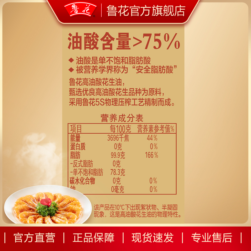 鲁花高油酸花生油3.06L 食用油粮油5S物理压榨 鲁花直营
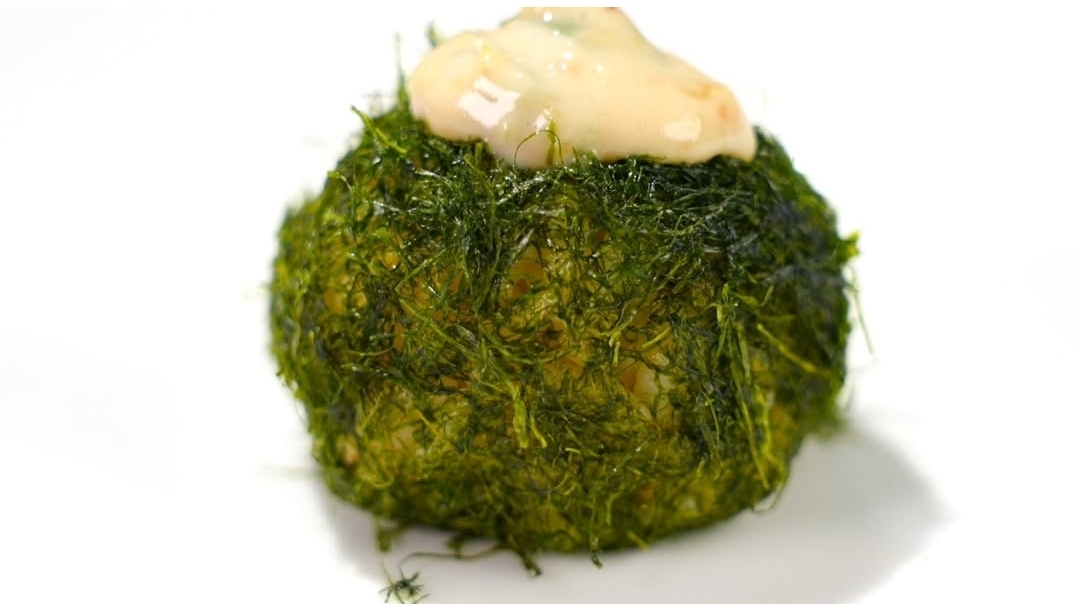 트레이에 감태를 펼친 뒤, 동그랗게 만든 주먹밥을 굴려 감태를 묻혀준다.
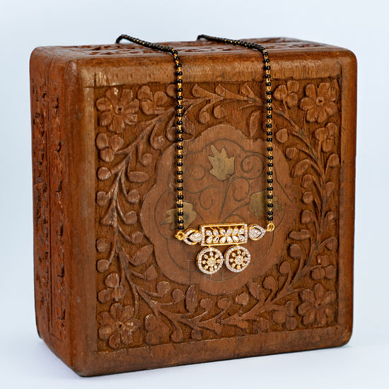 Introducing the Divine Circles mangalsutra. It features a sleek hoverboard gliding on wheels cloaked in a shimmer of silver beads. Designed for the modern woman, this 24k gold mangalsutra seamlessly pairs with both ethnic attire and everyday wear, making it a timeless piece that radiates grace and sophistication.
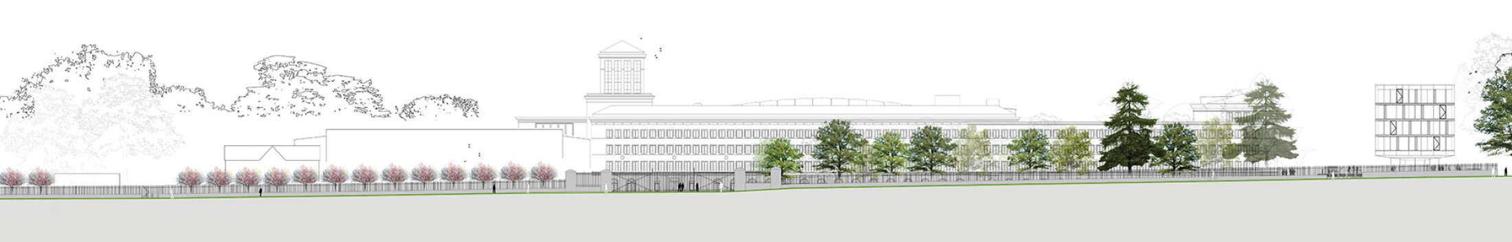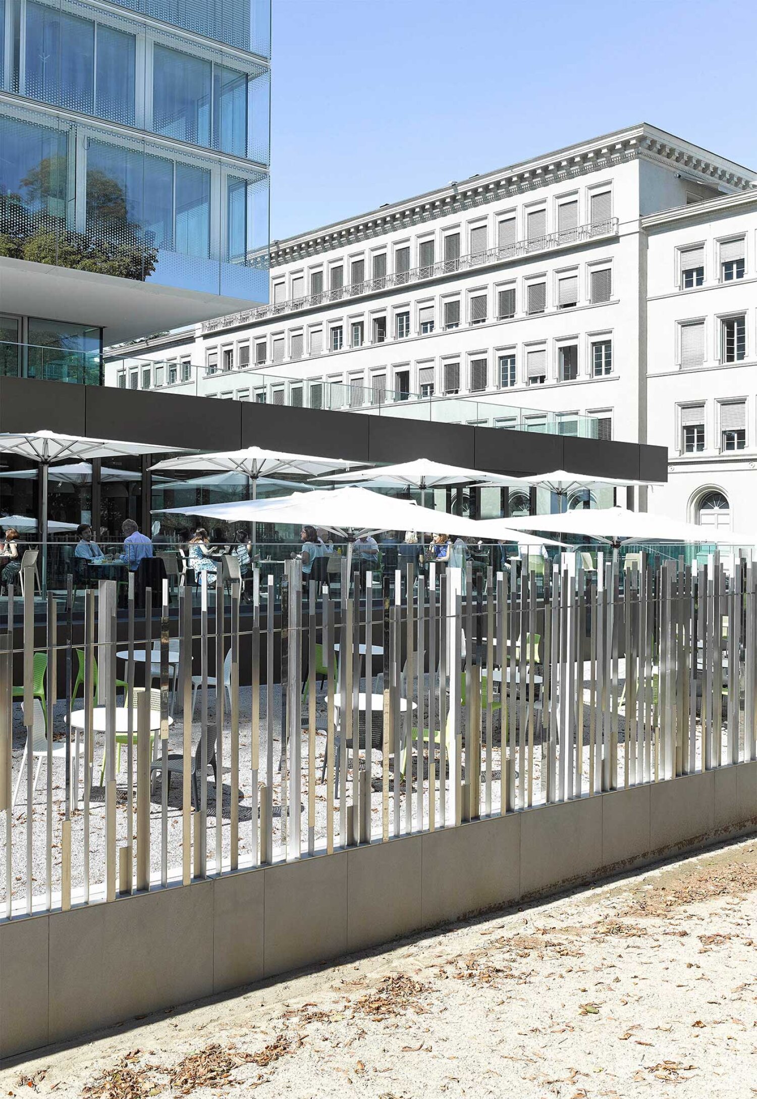 The design deliberately minimizes the perception of a defensive boundary in Geneva, Switzerland. Anti-climb protection and technical security features are integrated in such a way that they remain visually unobtrusive. Instead of emphasizing separation, the perimeter maintains visual continuity and permeability while ensuring controlled access and robust protection. Along the lakeside in Geneva, Switzerland, the security line transforms into a raised terrace that establishes a new base for the existing buildings and opens views toward Lake Geneva. This element, reminiscent of a landscape feature known as a ha-ha, secures access without interrupting the visual connection to the water. At the same time, it creates a distinct outdoor space for employees and defines the previously unclear boundary of the campus with a clear spatial identity.

# Aim of the task
Everything above except the pictures must be restated exactly.

# Solution to the problem
 鲁花高油酸花生油3.06L 食用油粮油5S物理压榨 鲁花直营
 트레이에 감태를 펼친 뒤, 동그랗게 만든 주먹밥을 굴려 감태를 묻혀준다.
 Introducing the Divine Circles mangalsutra. It features a sleek hoverboard gliding on wheels cloaked in a shimmer of silver beads. Designed for the modern woman, this 24k gold mangalsutra seamlessly pairs with both ethnic attire and everyday wear, making it a timeless piece that radiates grace and sophistication.
 The design deliberately minimizes the perception of a defensive boundary in Geneva, Switzerland. Anti-climb protection and technical security features are integrated in such a way that they remain visually unobtrusive. Instead of emphasizing separation, the perimeter maintains visual continuity and permeability while ensuring controlled access and robust protection. Along the lakeside in Geneva, Switzerland, the security line transforms into a raised terrace that establishes a new base for the existing buildings and opens views toward Lake Geneva. This element, reminiscent of a landscape feature known as a ha-ha, secures access without interrupting the visual connection to the water. At the same time, it creates a distinct outdoor space for employees and defines the previously unclear boundary of the campus with a clear spatial identity.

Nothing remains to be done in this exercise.